╭─ DATA PROVIDED
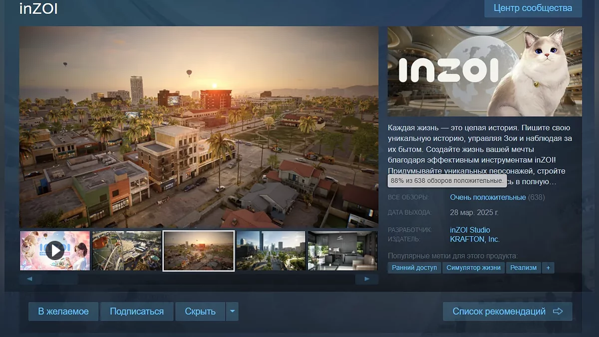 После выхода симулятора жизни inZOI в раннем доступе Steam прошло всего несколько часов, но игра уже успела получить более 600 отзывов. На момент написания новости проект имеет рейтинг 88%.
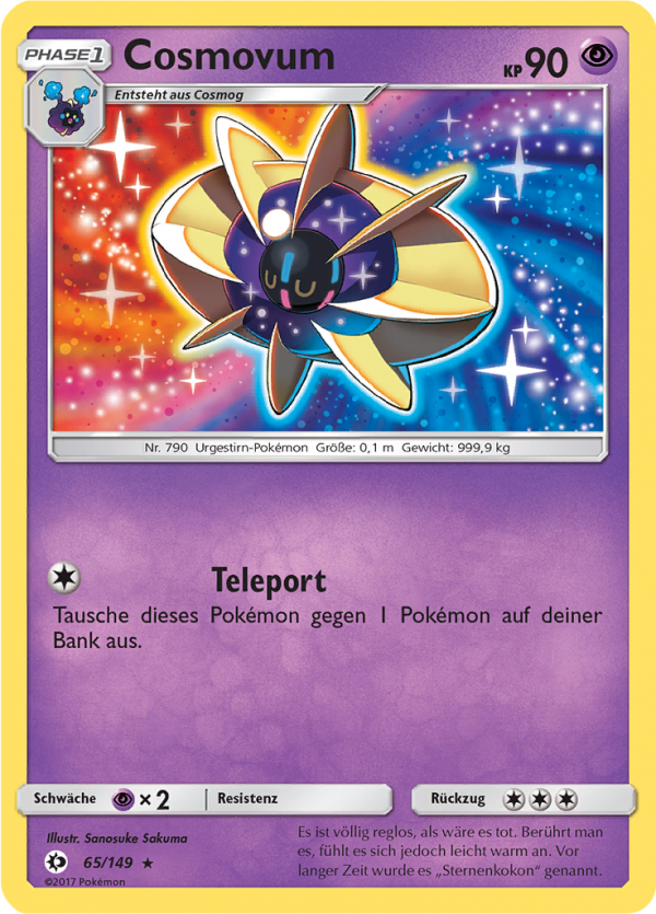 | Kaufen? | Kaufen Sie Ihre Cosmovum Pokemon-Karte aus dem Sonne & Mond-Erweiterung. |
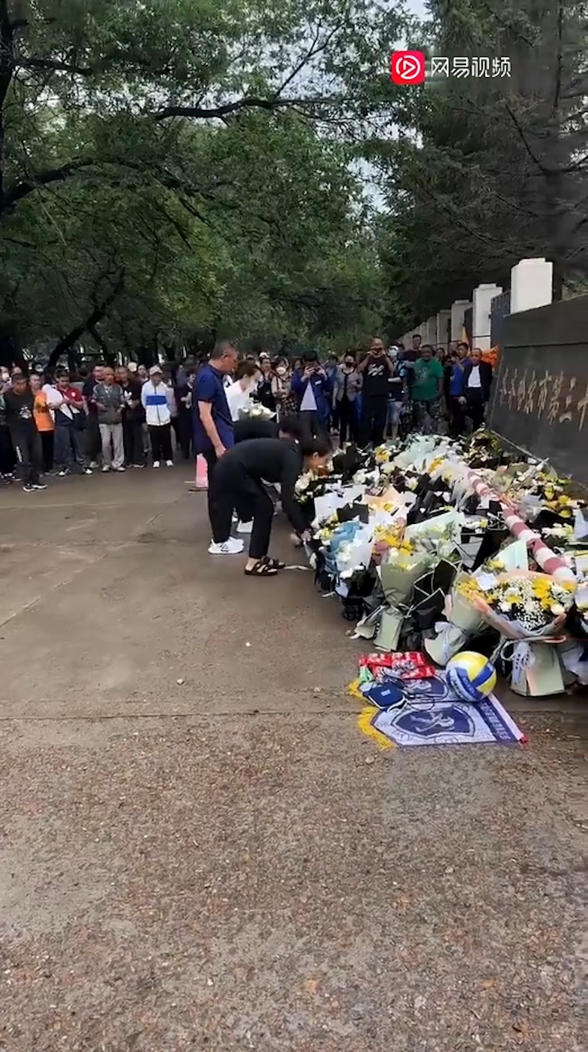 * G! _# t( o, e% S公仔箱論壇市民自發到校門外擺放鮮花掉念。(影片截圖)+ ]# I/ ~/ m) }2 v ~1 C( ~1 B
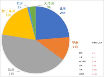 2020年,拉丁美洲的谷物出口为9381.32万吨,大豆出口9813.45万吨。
╰─
• [WHAT YOU HAVE TO DO] Starting with the line that contains "v ~1 C( ~1 B", reproduce every line to the end of the material above, both end lines included, exactly and with no pictures.

• [OUTPUT OF THE TASK]
 * G! _# t( o, e% S公仔箱論壇市民自發到校門外擺放鮮花掉念。(影片截圖)+ ]# I/ ~/ m) }2 v ~1 C( ~1 B
 2020年,拉丁美洲的谷物出口为9381.32万吨,大豆出口9813.45万吨。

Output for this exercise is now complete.